Wouldn't really make much difference after the first one or two.


----------



## Lynn Cheffins (Jul 11, 2006)

I was wearing a helmet.....


----------



## Howard Knauf (May 10, 2008)

Lynn Cheffins said:


> Howard the thing was I was riding with my hubby and had been ragging on him that we had to stop at stop signs and old Mr. Competitive just had to beat the Ol' Lady and had blown thru the stop sign like his arse was on fire! I was trying to be all honest and stop


I'll add that one to the list right next to "I have to pee!" LOL

I was just funnin ya.


----------



## David Frost (Mar 29, 2006)

Howard Knauf said:


> I'll add that one to the list right next to "I have to pee!" LOL
> 
> I was just funnin ya.


My favorite, and an actual excuse; Officer I know I should have stopped. I was texting my son and just didn't see the sign. 

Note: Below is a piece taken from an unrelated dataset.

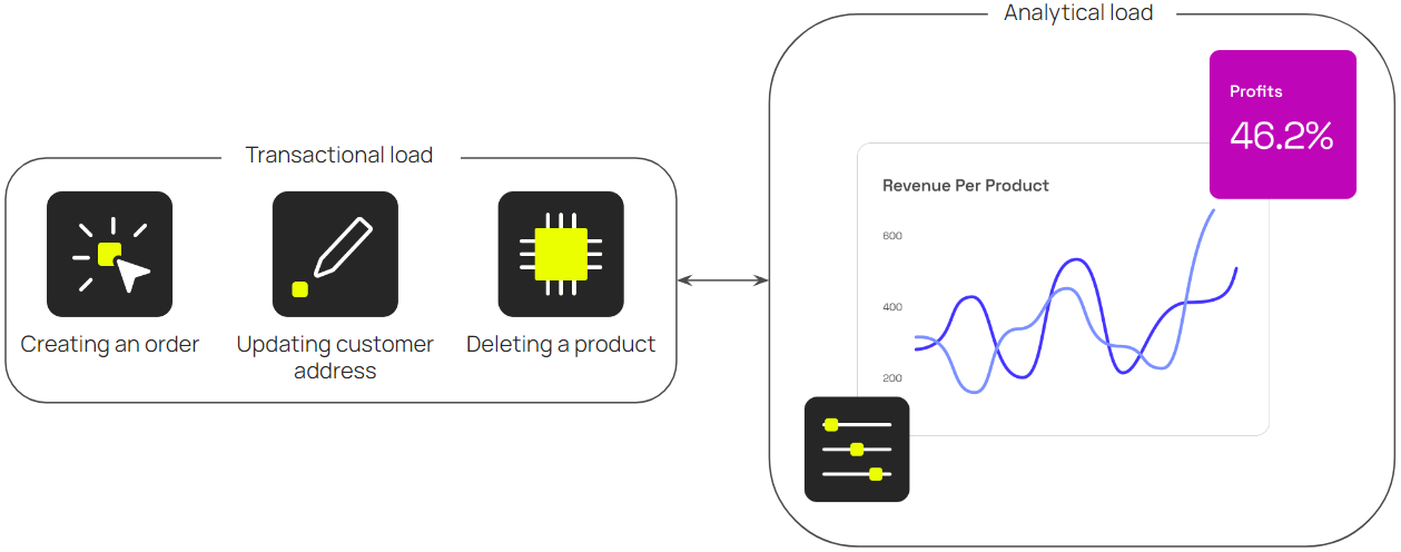 While analytical loads (OLAP or Online Analytical Processing) focus on analyzing a small subset of columns across a large number of rows (e.g. summing numeric values from a column, grouped by a category column, and filtered by a date column).
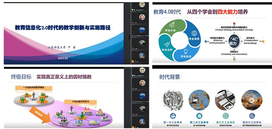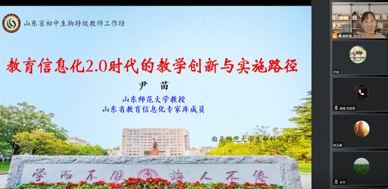 随后,尹苗教授讲解了智慧课堂生态系统的内涵及教学理论基础。尹教授从基础教育的现状调研出发再到山东考情的实际情况,通过生动形象的举例引导大家思考初中教师应当如何承担衔接小学、初中与高中的责任,切实培养学生面向真实世界的问题解决能力。在此基础上她详细介绍了智慧课堂生态系统的教学流程,从学习环境、学习资源及质量评价等方面分析了目前仍存在的问题及相应的对策。最后尹教授用“进窄门,走远路,见微光”,号召大家一起主动参与智慧课堂教学的改革。

As someone else pointed out earlier somewhere in this forum; you just can't fix stupid.

DFrost


----------



## Gillian Schuler (Apr 12, 2008)

Thanks for the "translations"!!

I know now that crackers are not just for Christmas!

We've some pretty good expressions in Swiss German - just a pity no one outside this country speaks Swiss German, not even the Germans.


----------